Aim of the task: Nothing in the copy should be a picture; everything else in the listing is to be restated exactly.
*** Opening of Data extract ***
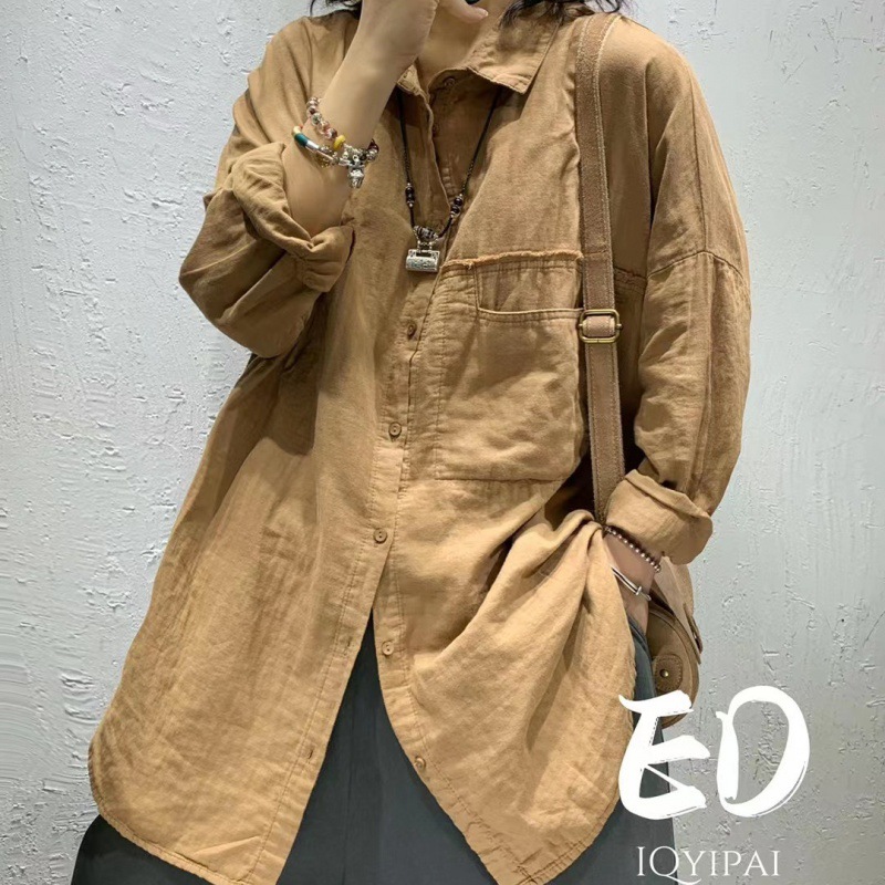 Ed3500二重綿麻の後ろの毛の縁のデザインのゆったりした大きい版のシャツの2024の新型の復古の百合のシャツの女性
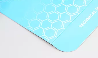 Clear coating applied using the CMYK printing method. Available in gloss, satin, or matte.
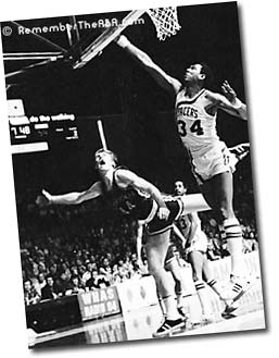 MEMORIES OF PAT COSGROVE: It is a shame Mel Daniels doesn't get the respect that he earned. During the first six years of the ABA he was as good as Nate Thurmond. He certainly deserves to be in the Hall Of Fame before Walt Bellamy. During Game 5 of the 1971-72 ABA Finals against the Nets, Daniels made a couple of plays (in succession) that I'll never forget. As I recall, the series was tied 2-2 and the Nets jumped out to a huge lead on the Pacers home court. The Pacers staged a wild rally -- mainly due to a 3-point barrage by Billy Keller. However, the Nets looked like they would hold on for the upset. Rick Barry hit a couple of big hoops and then made a spectacular move to get past Roger Brown. He seemed to be cruising in for an easy left-handed layup. But Daniels came out of nowhere to reject the shot right into the hands of Freddie Lewis. Lewis then led the break and dished off to a hard-charging Daniels -- who dunked and was fouled. The momentum reverted to the Pacers and they won that crucial contest. If this sequence had occurred in the NBA Finals, you can be sure that we would have seen the film replayed as much as Willie Mays' catch in the '54 World Series."
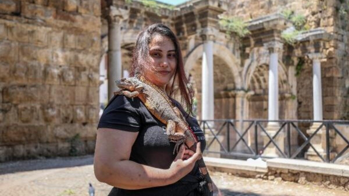 Turizm kenti Antalya'da üç yıl önce sahiplendiği Erago adlı iguanasıyla sokak sokak dolaşan Didem Pınaroğlu, vatandaşların ilgisini çekti.
*** Close of Data extract ***
Expected output:
 Ed3500二重綿麻の後ろの毛の縁のデザインのゆったりした大きい版のシャツの2024の新型の復古の百合のシャツの女性
 Clear coating applied using the CMYK printing method. Available in gloss, satin, or matte.
 MEMORIES OF PAT COSGROVE: It is a shame Mel Daniels doesn't get the respect that he earned. During the first six years of the ABA he was as good as Nate Thurmond. He certainly deserves to be in the Hall Of Fame before Walt Bellamy. During Game 5 of the 1971-72 ABA Finals against the Nets, Daniels made a couple of plays (in succession) that I'll never forget. As I recall, the series was tied 2-2 and the Nets jumped out to a huge lead on the Pacers home court. The Pacers staged a wild rally -- mainly due to a 3-point barrage by Billy Keller. However, the Nets looked like they would hold on for the upset. Rick Barry hit a couple of big hoops and then made a spectacular move to get past Roger Brown. He seemed to be cruising in for an easy left-handed layup. But Daniels came out of nowhere to reject the shot right into the hands of Freddie Lewis. Lewis then led the break and dished off to a hard-charging Daniels -- who dunked and was fouled. The momentum reverted to the Pacers and they won that crucial contest. If this sequence had occurred in the NBA Finals, you can be sure that we would have seen the film replayed as much as Willie Mays' catch in the '54 World Series."
 Turizm kenti Antalya'da üç yıl önce sahiplendiği Erago adlı iguanasıyla sokak sokak dolaşan Didem Pınaroğlu, vatandaşların ilgisini çekti.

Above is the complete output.